Technical documentation for the Spyglasses web crawler — what it does, how to identify it, and how to control access.

Overview

SpyglassesBot is the web crawler operated by Spyglasses, an AI visibility analytics platform. It fetches publicly available web content to help site owners understand how their pages appear to AI assistants like ChatGPT, Claude, and Perplexity.
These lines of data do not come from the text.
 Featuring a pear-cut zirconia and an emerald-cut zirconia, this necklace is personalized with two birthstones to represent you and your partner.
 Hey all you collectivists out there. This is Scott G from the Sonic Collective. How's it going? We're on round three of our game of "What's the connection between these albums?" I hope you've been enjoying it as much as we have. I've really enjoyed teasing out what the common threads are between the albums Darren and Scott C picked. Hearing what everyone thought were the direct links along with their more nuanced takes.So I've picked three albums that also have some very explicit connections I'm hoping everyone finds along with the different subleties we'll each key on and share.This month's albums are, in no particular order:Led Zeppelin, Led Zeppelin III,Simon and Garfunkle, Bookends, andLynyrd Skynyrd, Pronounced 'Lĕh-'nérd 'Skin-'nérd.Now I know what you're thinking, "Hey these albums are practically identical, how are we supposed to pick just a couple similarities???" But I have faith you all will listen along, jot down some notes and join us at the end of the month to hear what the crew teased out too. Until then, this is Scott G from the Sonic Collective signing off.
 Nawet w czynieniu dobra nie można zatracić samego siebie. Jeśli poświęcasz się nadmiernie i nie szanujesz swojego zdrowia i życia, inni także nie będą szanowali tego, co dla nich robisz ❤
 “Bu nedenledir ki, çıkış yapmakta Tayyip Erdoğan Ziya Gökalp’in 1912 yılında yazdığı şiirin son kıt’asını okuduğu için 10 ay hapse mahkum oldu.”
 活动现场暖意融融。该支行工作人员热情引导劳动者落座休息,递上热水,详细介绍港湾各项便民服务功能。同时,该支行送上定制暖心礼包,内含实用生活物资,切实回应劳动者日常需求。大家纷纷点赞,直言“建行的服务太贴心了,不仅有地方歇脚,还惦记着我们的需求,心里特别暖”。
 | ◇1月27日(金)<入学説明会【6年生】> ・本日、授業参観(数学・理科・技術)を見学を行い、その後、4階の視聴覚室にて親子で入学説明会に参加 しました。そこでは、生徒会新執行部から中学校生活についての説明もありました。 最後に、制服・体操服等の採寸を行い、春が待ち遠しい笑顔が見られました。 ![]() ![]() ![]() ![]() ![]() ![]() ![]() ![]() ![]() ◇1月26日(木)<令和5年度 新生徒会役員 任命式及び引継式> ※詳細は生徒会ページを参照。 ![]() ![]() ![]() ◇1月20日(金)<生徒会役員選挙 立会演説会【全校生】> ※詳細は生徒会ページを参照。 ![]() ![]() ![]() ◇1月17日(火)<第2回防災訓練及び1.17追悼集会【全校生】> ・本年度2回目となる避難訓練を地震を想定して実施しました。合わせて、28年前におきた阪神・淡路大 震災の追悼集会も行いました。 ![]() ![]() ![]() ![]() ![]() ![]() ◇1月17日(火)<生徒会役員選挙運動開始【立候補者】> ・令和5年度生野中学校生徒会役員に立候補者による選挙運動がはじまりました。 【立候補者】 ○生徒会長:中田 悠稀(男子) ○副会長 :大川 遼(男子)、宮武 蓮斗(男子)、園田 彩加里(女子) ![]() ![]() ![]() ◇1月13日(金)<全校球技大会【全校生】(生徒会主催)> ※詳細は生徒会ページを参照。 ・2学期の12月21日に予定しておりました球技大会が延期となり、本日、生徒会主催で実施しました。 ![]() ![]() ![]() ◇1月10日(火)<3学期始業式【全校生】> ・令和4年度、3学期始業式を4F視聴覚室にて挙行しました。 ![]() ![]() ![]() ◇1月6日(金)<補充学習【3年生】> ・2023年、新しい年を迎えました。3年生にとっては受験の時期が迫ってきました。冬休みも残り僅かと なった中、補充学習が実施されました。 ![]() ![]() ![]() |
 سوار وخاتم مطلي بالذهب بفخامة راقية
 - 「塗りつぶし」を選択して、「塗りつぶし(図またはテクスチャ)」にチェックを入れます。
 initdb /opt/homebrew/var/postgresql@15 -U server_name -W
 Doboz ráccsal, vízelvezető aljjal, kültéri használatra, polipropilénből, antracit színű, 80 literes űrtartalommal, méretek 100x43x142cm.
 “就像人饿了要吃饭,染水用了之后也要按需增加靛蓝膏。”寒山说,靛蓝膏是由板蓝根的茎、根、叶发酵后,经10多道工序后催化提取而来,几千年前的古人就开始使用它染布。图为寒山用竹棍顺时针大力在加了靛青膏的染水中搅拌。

SpyglassesBot respects robots.txt directives and is designed to be a well-behaved crawler. It supports Cloudflare Web Bot Auth for cryptographic request verification.

What SpyglassesBot Does

SpyglassesBot accesses web pages on behalf of Spyglasses users for the following purposes:

AI Visibility Reports

Crawls a sample of pages from a site to assess how visible the content is to AI assistants. This includes checking whether pages return meaningful content (vs. JavaScript-only rendering), whether Cloudflare or other bot protection is blocking access, and how well the content is structured for AI consumption.

AI Access Checking

Fetches a site's robots.txt to determine which AI crawlers are allowed or blocked. Also checks whether Cloudflare bot protection is preventing access to the site entirely.

Sitemap Import

Fetches and parses sitemaps (typically at /sitemap.xml or as referenced in robots.txt) to discover pages that belong to a property registered with Spyglasses.

AI Readiness Audits

Crawls pages to evaluate technical SEO factors that affect AI visibility — content structure, metadata, schema markup, and accessibility to headless fetchers.

FAQ Generation

Fetches page content to generate FAQ suggestions based on the site's existing content and AI assistant behavior.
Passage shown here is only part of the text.